On a separate front, the commission appointed by Pakistan’s supreme court has finally delivered its report and it places blame squarely on former ambassador Husain Haqqani for authoring the memo that sought US help in avoiding a military coup days after the US raid that killed Osama bin Laden. Haqqani has been ordered to return to the country, but he is rightly pointing out that the commission’s findings are not the result of a judicial process and that he has not yet presented his defense.

Dawn provides a summary of the breakdown in negotiations:

The Pentagon said on Monday the United States was pulling its negotiators from Pakistan but the State Department said the team could go back at an appropriate time.

Pakistan’s Ambassador in Washington, Sherry Rehman, also indicated that the talks would continue.

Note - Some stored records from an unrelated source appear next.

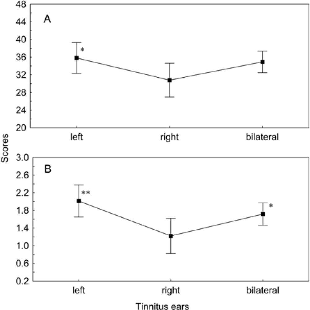 Total TQ scores (A) and scores of the subscale “somatic complaints” (B) measured in patients with left-side, right-side or bilateral tinnitus. Given are the means ± confidence intervals. *p < 0.05 and **p < 0.01 vs. right-side tinnitus.
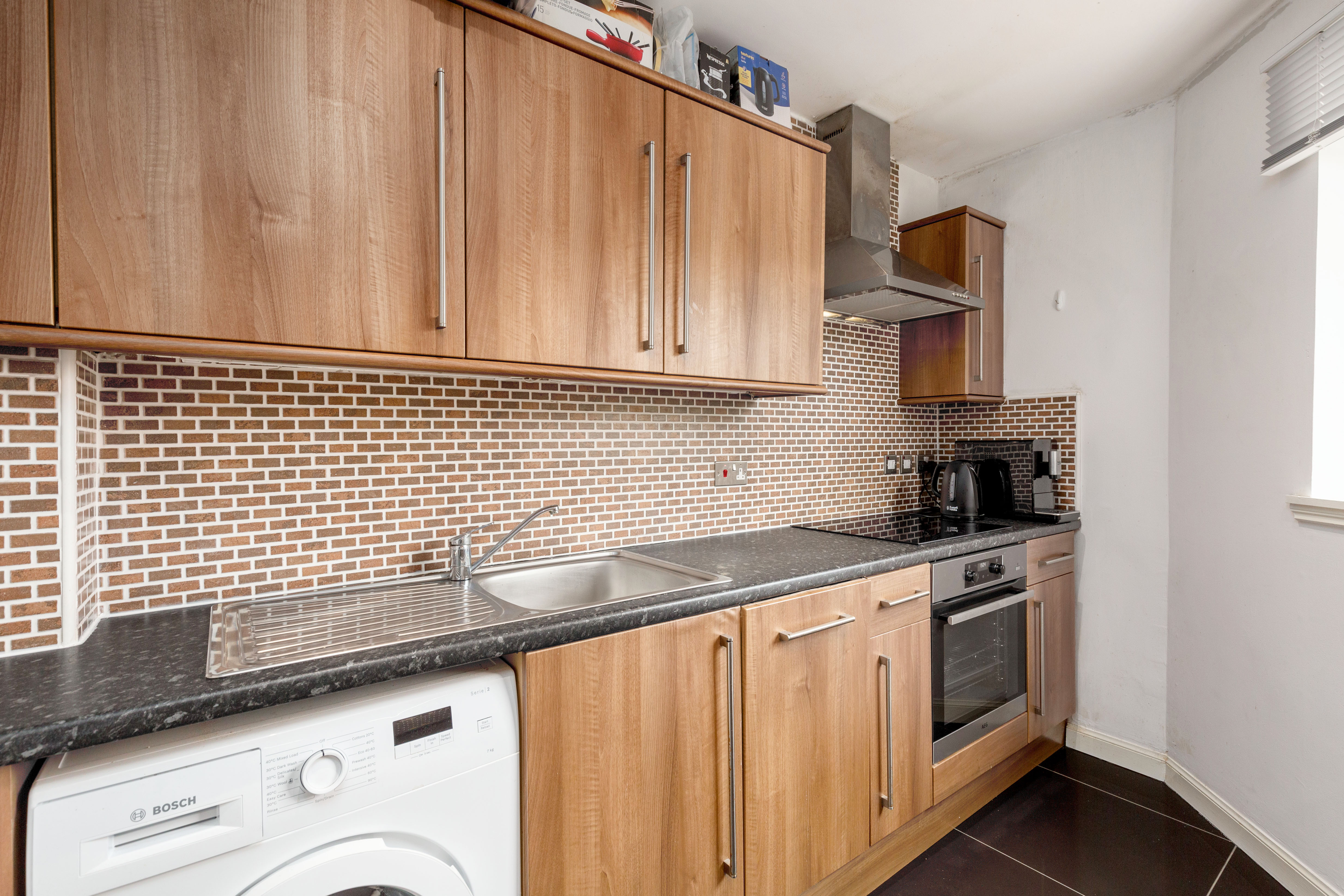 The accommodation comprises a bright and spacious bay-windowed living/dining room—an ideal space for relaxing or entertaining guests. The smart galley kitchen is well-appointed with a range of floor and wall-mounted units, an electric hob and oven, and integrated appliances, all of which are included in the sale. There are two generous double bedrooms, both featuring fitted wardrobes that provide ample storage. The modern shower room is fitted with a two-piece suite and a mains-powered walk-in shower with a luxurious rainwater shower head. Additional benefits include electric heating, double glazing throughout for maximum energy efficiency, and residents' parking. Please note: The property is factored by Myreside Management Ltd with a quarterly charge of £300 which covers buildings insurance and maintanence costs.
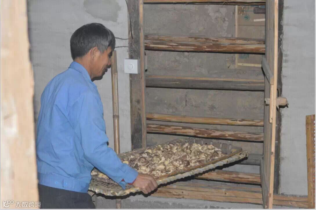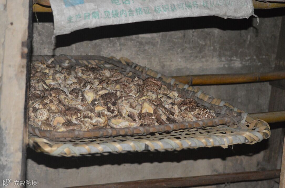 第四步:是土坑烘干,新鲜香菇用农村自做火坑烘干,先低后高,开始时不超过40℃,每隔3~4小时升高5℃,最后不超过65℃;然后再"复烤"3~4小时,用足三天两夜时间,烘出的香菇色泽好,营养好;香味浓。

But diplomatic observers in the US capital noted that “no spin can hide the fact that relations between the two countries are at their worst now”, as one of them said on an American news channel.

“I believe that some of the team left over the weekend and the remainder of the team will leave shortly,” Pentagon Press Secretary George Little told a briefing in Washington. “This was a US decision.”

The Express Tribune offers more details:

Officials familiar with the development said the two sides have almost worked out technical details on the resumption of Nato supply lines but the deal could not be finalised due to political issues, including the US refusal to offer an explicit apology for the Salala raid and halt drone strikes.

“Unless the US offers something that resembles an apology, it is very difficult for Pakistan to reopen Nato supplies,” said an official familiar with the development.

“We want to have a package deal and the issue of apology is still included … there will be no compromise on it,” the official added.

The US appears to be taking a very hard line at this point. Reuters quotes a “senior US government official”:

“If the civilian government in Islamabad would bite the bullet and make the political decision to open the ground lines of communication, that would deflect some of the negativity right now,” the official told Reuters.

“It wouldn’t automatically turn things around, but that would be an important step.”

The US negotiating teams that had been in Pakistan had been there about six weeks. There appears to be no date set for their return. The Express Tribune article notes that “Foreign Minister Hina Rabbani Khar is expected to meet a senior US official this week on the sidelines of a regional conference on Afghanistan in Kabul” in what appears to be the only ongoing attempt to continue dialogue.

Meanwhile, the pressure has been turned up significantly on Husain Haqqani. From the Washington Post:

A three-member judicial commission has concluded that then-Pakistani ambassador to the United States Husain Haqqani was behind a memo sent to U.S. officials seeking Washington’s help in averting a military coup in Pakistan, television channels reported Tuesday.

The panel said Haqqani was “not loyal” to the Pakistani state while serving as its ambassador and sought to undermine the country’s nuclear assets, armed forces and the intelligence agency.

The probe report also says that Haqqani had not accounted for $2 million spent from a secret fund of the Pakistani Embassy in Washington.

The New York Times carries Haqqani’s response:

Mr. Haqqani, who resigned his post in November, did not testify before the commission. Speaking by phone from the United States, he rejected the commission’s findings as “political and one-sided.”

“I am being hounded for the perception that I was pro-American,” he said. “The inquiry commission is not a court, and those claiming it has determined guilt or innocence are wrong.”

/snip/

Mr. Haqqani also offered a veiled attack on the judiciary, which historically has sided with Pakistan’s generals rather than its civilian leaders, saying that he “refuses to let his patriotism be judged by those who had endorsed martial law regimes and had even given the right to military dictators to amend the Constitution.”

I’ve always been of the opinion that Mansoor Ijaz and his neocon backers from the US are much more to blame for this fiasco than Haqqani, who seems to me to have been manipulated into his actions that embarrassed the civilian government at the expense of the military. This latest development does nothing to change my opinion on that front and I expect Ijaz to continue behaving in a way that undermines the civilian government while deflecting blame from himself and onto Haqqani.